Abstract 17900: Sarcomere Gene Mutations in Left Ventricular Noncompaction
Introduction: Left ventricular noncompaction (LVNC) is a primary cardiomyopathy with heterogeneous genetic origins, however, the genetic basis of disease in a large proportion of patients with LVNC is still unresolved. We evaluated the potential clinical impact of genetic analysis of sarcomere genes in patients with LVNC.
Methods: We investigated 93 Japanese LVNC patients, including 23 familial cases, for mutations of genes encoded sarcomeric proteins including myosin binding protein C (MYBPC3), β-myosin heavy chain (MYH7), α-tropomyosin (TPM1), cardiac troponin T (TNNT2), α-cardiac actin (ACTC) and cardiac troponin I (TNNI3). Of these 49 were infants and 44 were juvenile cases.

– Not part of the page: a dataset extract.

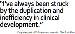 Outside GSK, however, the people running small development companies may well wonder, Why should I add this to my plate? Why should I make my data transparent? “For all the same reasons that we do — to leverage the opportunity to cross-analyze and harmonize the information,” answers Nisen. “If you move to common standards, you have to give a little to get more back, on some level. But it will not be so easy for small companies to do that unless, from the inception, they adhere to a common standard and leverage the information to model and simulate what they want to do. It might make for much better studies on their part as well, I would think.”

Results: We identified 28 sarcomeric gene mutations in 32 patients (34%) including 17 infants and 15 juvenile cases . These mutations were distributed among 5 genes, 12 in MYH7 and 9 in MYBPC3, 3 in TPM1, 2 in TNNT2, and 2 in ACTC1. Nineteen (68%) of the mutations were novel, affected conserved amino acid residues and were predicted to alter the structure of the proteins by in silico analysis. MYH7 and MYBPC3were the most prevalent disease genes and accounted for 81% of cases with mutation. Of note, 2 infants and 2 juvenile cases were compound or double heterozygous for 2 different mutations, and showed the most severe phenotype. Although most of the infants had clinical signs or symptoms of heart failure at initial presentation (88%), the majorities of juvenile cases were asymptomatic and identified only when screened for cardiac abnormalities, such as ECG screening (57%). Comparing sarcomere mutation-positive and mutation-negative LVNC probands showed no significant differences with respect to clinical characteristics at baseline and mortality during follow up both in infants and juvenile cases.
Conclusions: Mutations in sarcomere genes account for a significant proportion of patients with LVNC both in infants and juvenile cases. High incidence of novel mutations supports the concept that LVNC is part of a diverse spectrum of cardiac morphologies triggered by sarcomere protein gene defects.
Author Disclosures: A. Takasaki: None. Y. Hata: None. K. Hirono: None. N. Hideyuki: None. K. Ibuki: None. S. Ozawa: None. N. Yoshimura: None. N. Nishida: None. F. Ichida: None.
- © 2014 by American Heart Association, Inc.